Con did not appear to notice that she hadn’t answered his question. “Your duties must be many now that you’re both master and mistress of the house.”

He waved her away with a rueful grin. “I won’t distract you from them. We’ll talk over old times and catch up with each other during the evening meal. In the meantime, if there’s aught I can do to make myself useful, bid me as you will. I can turn my hand to most anything.”

“I wouldn’t dream of putting a guest to work.” She didn’t want him snooping around the place, talking to folks about things he had no business knowing. “Take your ease and tune your harp until supper. It’s been a long while since we’ve been entertained by a minstrel from away. You’ll more than earn your bread and brychan tonight.”

She bustled off to prepare for the meal.

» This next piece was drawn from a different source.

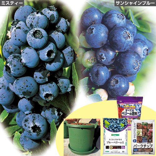 ブルーベリー栽培に必要なプランター、培養土、肥料、バークチップを厳選したタキイ通販オリジナルセットです。(日本製)

And to make sure her children had plenty of little chores to keep them occupied and away from the hall until supper.

“He’ll be gone in the morning,” she muttered under her breath as she worked and directed others in their work. “He’ll be gone in the morning. He’ll be gone in the morning.”

The repetition calmed her, like reciting the Ave or the Paternoster.

Yet along with the rush of relief that surged through her every time she pictured Con ap Ifan going on his way tomorrow morn without a backward glance, a bothersome ebb tide of regret tugged at Enid, too.

A small but bright fire burned in the middle of Glyneira’s hall that evening, its smoke wafting up to the ceiling where it escaped through a hole in the roof. A sense of anticipation hung in the air, too, as Enid’s household partook of their supper.

There were over two dozen gathered that evening, most distant kin of Enid’s late husband. All eager to hear the wandering bard who, according to rumor, had fought in the Holy Land.

Enid sat at the high table with Howell’s two sisters, Helydd and Gaynor. She had placed Con at the other end, between the local priest and Gaynor’s husband, Idwal, who’d taken a blow on the head a few years before and never been quite the same since.

Though everyone at Glyneira had gotten used to Idwal’s halting speech, outsiders often had trouble understanding him. Father Thomas was voluble enough to make up for what Idwal lacked in conversation, and then some. His uncle had gone to Jerusalem on the Great Crusade and returned to Wales years later to ply a brisk trade in holy relics. Enid trusted the good father to keep their guest talking on safe subjects.

Subjects that did not concern her or her family.

Once all were seated, the kitchen lasses bore in platters of chopped meat moistened with broth, and set one between every three diners, as was Welsh custom in honor of the Trinity. A young boy brought around thin broad cakes of fresh lagana bread on which diners could heap a portion of the meat dish for eating.

Gazing at their guest, Helydd leaned toward Enid and whispered, “My, he’s a handsome one, isn’t he? And so pleasant spoken. Is it true you knew him back in Gwynedd?”